[Peggy Noonan] The dawn of the internet age was so exciting. I took my grade-school son, enthralled by Apple computers, to see Steve Jobs speak at a raucous convention in New York almost a quarter-century ago. What fervor there was. At a seminar out West 30 years ago I attended a lecture by young, wild-haired Nathan Myhrvold, then running Microsoft Research, who talked about what was happening: A new thing in history was being born.

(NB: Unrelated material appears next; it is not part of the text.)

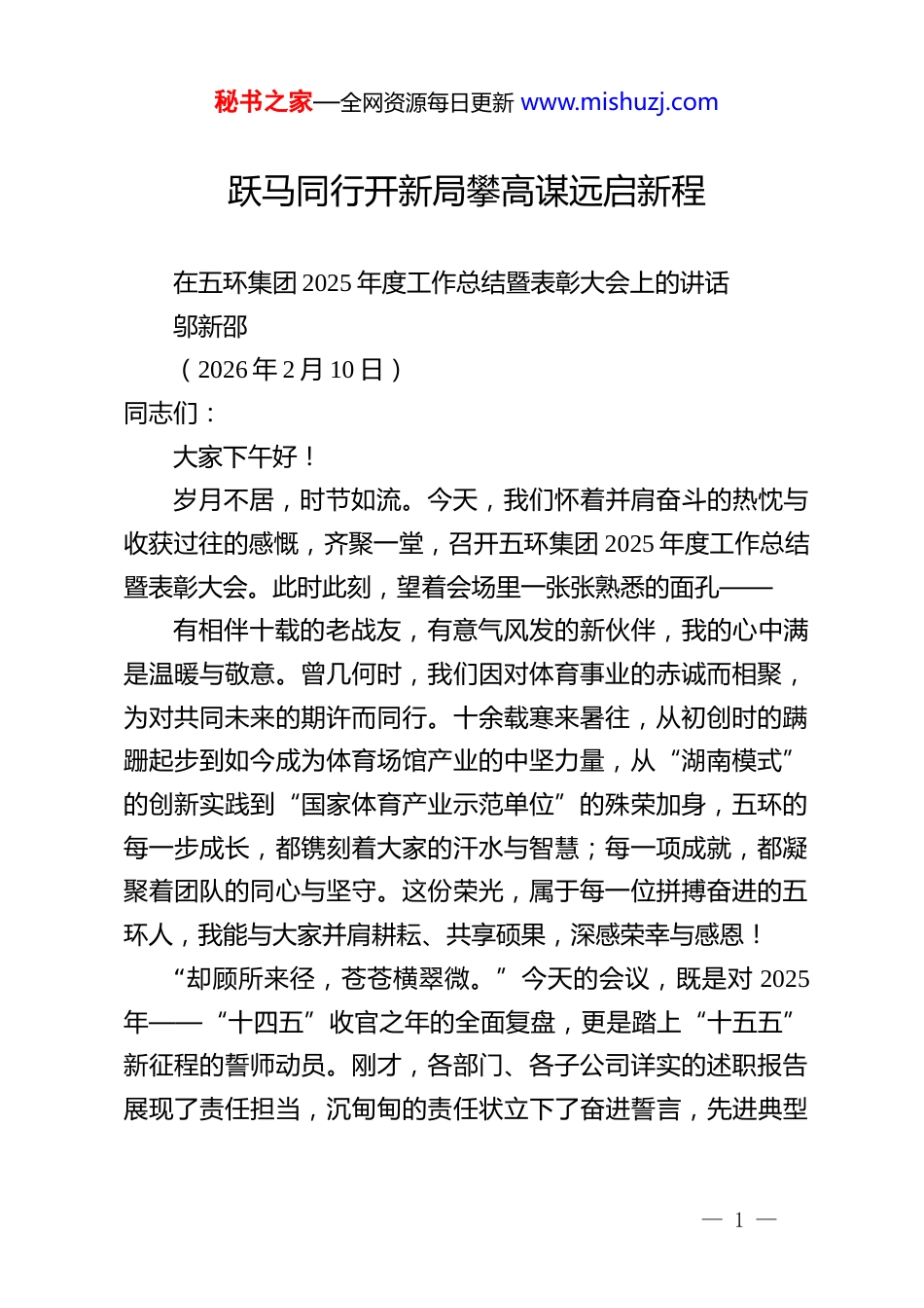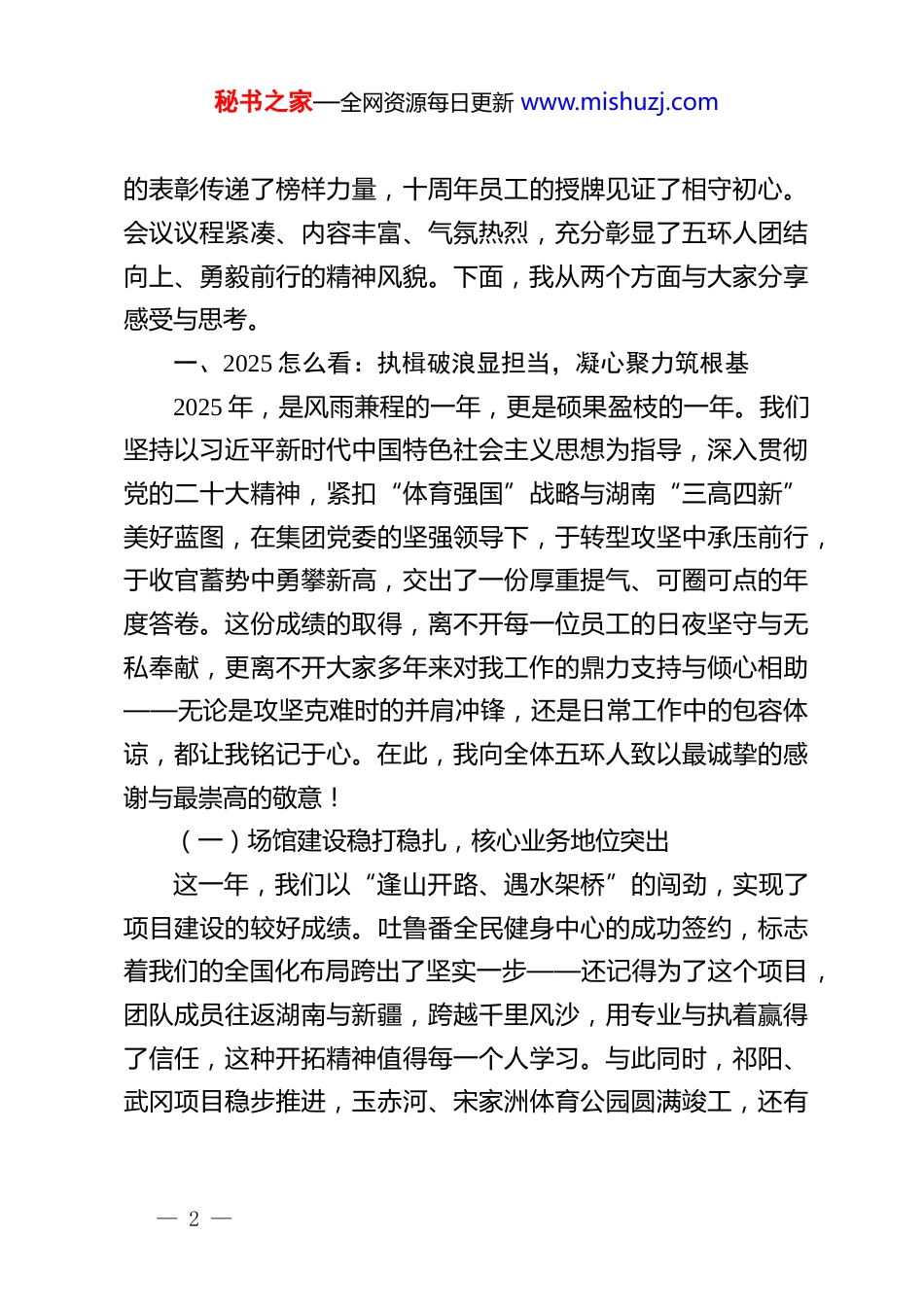 秘书之家—全网资源每日更新 www.mishuzj.com跃马同行开新局攀高谋远启新程在五环集团 2025 年度工作总结暨表彰大会上的讲话邬新邵(2026 年 2 月 10 日)同志们:大家下午好!岁月不居,时节如流。今天,我们怀着并肩奋斗的热忱与收获过往的感慨,齐聚一堂,召开五环集团 2025 年度工作总结暨表彰大会。此时此刻,望着会场里一张张熟悉的面孔——有相伴十载的老战友,有意气风发的新伙伴,我的心中满是温暖与敬意。曾几何时,我们因对体育事业的赤诚而相聚,为对共同未来的期许而同行。十余载寒来暑往,从初创时的蹒跚起步到如今成为体育场馆产业的中坚力量,从“湖南模式”的创新实践到“国家体育产业示范单位”的殊荣加身,五环的每一步成长,都镌刻着大家的汗水与智慧;每一项成就,都凝聚着团队的同心与坚守。这份荣光,属于每一位拼搏奋进的五环人,我能与大家并肩耕耘、共享硕果,深感荣幸与感恩!“却顾所来径,苍苍横翠微。”今天的会议,既是对 2025年——“十四五”收官之年的全面复盘,更是踏上“十五五”新征程的誓师动员。刚才,各部门、各子公司详实的述职报告展现了责任担当,沉甸甸的责任状立下了奋进誓言,先进典型— 1 —秘书之家—全网资源每日更新 www.mishuzj.com的表彰传递了榜样力量,十周年员工的授牌见证了相守初心。会议议程紧凑、内容丰富、气氛热烈,充分彰显了五环人团结向上、勇毅前行的精神风貌。下面,我从两个方面与大家分享感受与思考。一、2025 怎么看:执楫破浪显担当,凝心聚力筑根基2025 年,是风雨兼程的一年,更是硕果盈枝的一年。我们坚持以习近平新时代中国特色社会主义思想为指导,深入贯彻党的二十大精神,紧扣“体育强国”战略与湖南“三高四新”美好蓝图,在集团党委的坚强领导下,于转型攻坚中承压前行,于收官蓄势中勇攀新高,交出了一份厚重提气、可圈可点的年度答卷。这份成绩的取得,离不开每一位员工的日夜坚守与无私奉献,更离不开大家多年来对我工作的鼎力支持与倾心相助——无论是攻坚克难时的并肩冲锋,还是日常工作中的包容体谅,都让我铭记于心。在此,我向全体五环人致以最诚挚的感谢与最崇高的敬意!(一)场馆建设稳打稳扎,核心业务地位突出这一年,我们以“逢山开路、遇水架桥”的闯劲,实现了项目建设的较好成绩。吐鲁番全民健身中心的成功签约,标志着我们的全国化布局跨出了坚实一步——还记得为了这个项目,团队成员往返湖南与新疆,跨越千里风沙,用专业与执着赢得了信任,这种开拓精神值得每一个人学习。与此同时,祁阳、武冈项目稳步推进,玉赤河、宋家洲体育公园圆满竣工,还有— 2 —秘书之家—全网资源每日更新 www.mishuzj.com10 余个新项目达成了合作意向,项目储备持续充盈。每一个项目的推进,都是五环人“敢啃硬骨头、敢涉险滩”的生动写照,更是我们深耕体育场馆产业的坚实根基。(二)场馆运营焕新提质,品牌影响持续升级这一年,我们积极响应省委、省政府“以赛兴城、以赛兴旅”的部署,让体育场馆成为城市活力的“发动机”。成功引进承办 CBA 俱乐部杯赛,精心运营湖南省“公仆杯”、湖南省乡村气排球赛等品牌赛事,每一场精彩纷呈的活动背后,都凝聚着运营团队的专业与用心——是你们熬夜打磨方案,是你们现场全力保障,让体育的魅力感染更多人,既提升了公司品牌影响力,更带动了周边消费活力。而长沙市工人文化宫(一宫)项目的成功中标,更为我们轻资产运营模式的推广打开了全新空间,让“五环运营”的品牌价值愈发凸显。(三)风险化解成效显著,发展底气更加充足这一年,我们以“不回避、不退缩”的勇气,直面历史遗留问题,累计完成回款 2.36 亿元。谈及邵阳片区的回款工作,我由衷为大家的付出感到自豪——邵阳片区公司的同志们,一次次沟通协调,一遍遍攻坚突破,最终实现邵阳体育中心 BT回款 14495.5 万元、紫霞星苑安置房回款 2500 万元;岳阳城陵矶项目的突破性进展,更是团队智慧的结晶,不仅完成收储回款 5291 万元,更就项目再建达成共识。正是这份“钉钉子”精神,让我们卸下了部分包袱,为后续发展注入了强劲现金流。— 3 —秘书之家—全...

Apple & EveBut a small, funny detail always gave me pause and stayed with me. It was that from the beginning of the age its great symbol was the icon of what was becoming its greatest company, Apple. It was the boldly drawn apple with the bite taken out. Which made me think of Adam and Eve in the garden, Adam and Eve and the fall, at the beginning of the world. God told them not to eat the fruit of the tree, but the serpent told Eve no harm would come if she did, that she’d become like God, knowing all. That’s why he doesn’t want you to have it, the serpent said: You’ll be his equal. So she took the fruit and ate, she gave to Adam who also ate, and the eyes of both were opened, and for the first time they knew shame. When God rebuked them, Adam blamed Eve and Eve blamed the serpent. They were banished from the garden into the broken world we inhabit.
You can experience the Old Testament story as myth, literature, truth-poem or literal truth, but however you understand it its meaning is clear. It is about human pride and ambition. Tim Keller thought it an example of man’s old-fashioned will to power. St. Augustine said it was a story of pride: "And what is pride but the craving for undue exaltation?"